GIVEN DATA >>
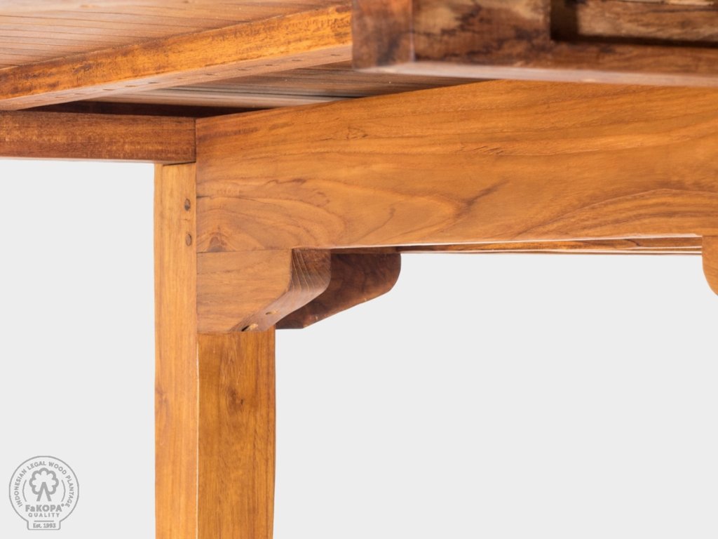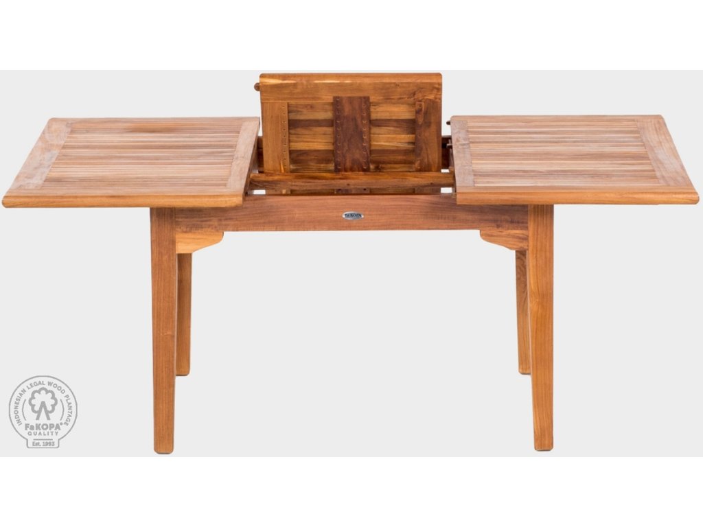 Obdélníkový rozkládací stůl Elegante má špičkově provedené spoje. Švédská nerezová spona, fixace jednotlivých lamel a rybinový zámek zajišťují maximální stabilitu. Deska zahradního stolu má tloušťku 3,5 cm. Nohy stolu jsou chráněny plastovými krytkami. Otvor pro slunečník je zakryt mosaznou zátkou. Stůl je možné ze základního rozměru 110 cm zvětšit až na rozměr 160 cm. Stůl je ošetřen teakovým olejem.
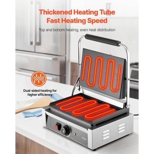 Jämn och snabb uppvärmning: Utrustad med förtjockade värmerör värmer den elektriska panini-maskinen den 34x23 cm stora tillagningsytan jämnt och effektivt. De övre och nedre gallren värms upp samtidigt, vilket säkerställer högeffektiv tillagning.
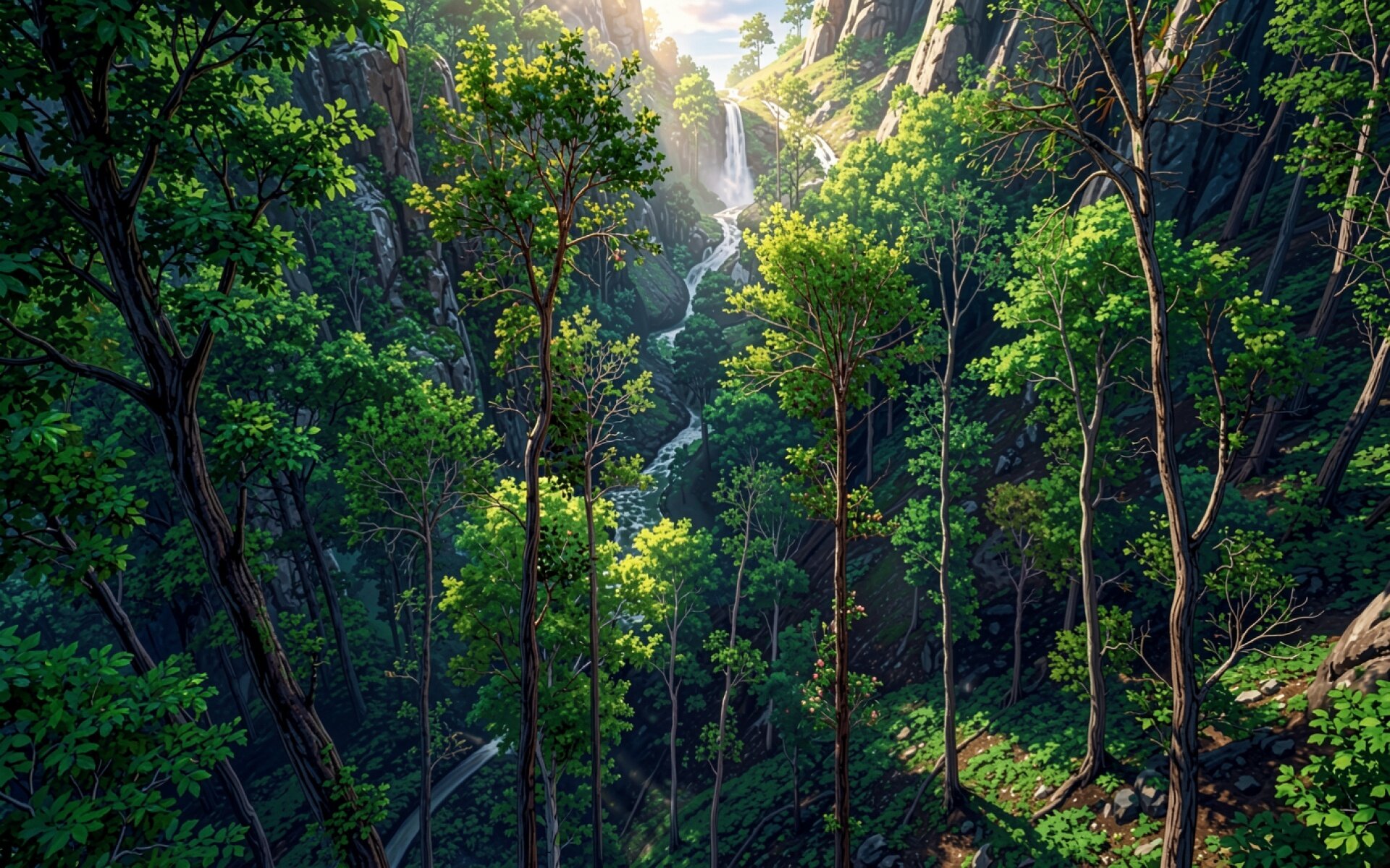 Изображение детально передает текстуру коры деревьев и глянцевую поверхность листвы. Освещение имитирует естественный солнечный свет, создавая мягкие градиенты в глубине каньона и яркие блики на струях падающей воды. Контрастные тени подчеркивают объем скальных пород и многослойность растительности. Перед загрузкой доступен удобный предпросмотр для оценки качества отображения всех элементов сцены на вашем экране.
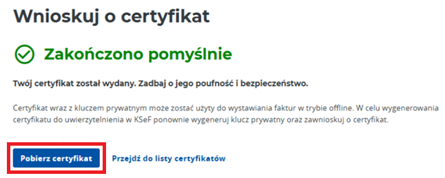 Po pomyślnym wygenerowaniu certyfikatu, kliknij w ‘Pobierz certyfikat’ i zapisz plik np. Andrzej_wystawcy.crt na dysku komputera.

TASK TO COMPLETE >> All lines from the line with "Jämn och snabb" through the final line of the data, both included, are to be repeated exactly; no other lines and no pictures.

TASK RESULT >>
 Jämn och snabb uppvärmning: Utrustad med förtjockade värmerör värmer den elektriska panini-maskinen den 34x23 cm stora tillagningsytan jämnt och effektivt. De övre och nedre gallren värms upp samtidigt, vilket säkerställer högeffektiv tillagning.
 Изображение детально передает текстуру коры деревьев и глянцевую поверхность листвы. Освещение имитирует естественный солнечный свет, создавая мягкие градиенты в глубине каньона и яркие блики на струях падающей воды. Контрастные тени подчеркивают объем скальных пород и многослойность растительности. Перед загрузкой доступен удобный предпросмотр для оценки качества отображения всех элементов сцены на вашем экране.
 Po pomyślnym wygenerowaniu certyfikatu, kliknij w ‘Pobierz certyfikat’ i zapisz plik np. Andrzej_wystawcy.crt na dysku komputera.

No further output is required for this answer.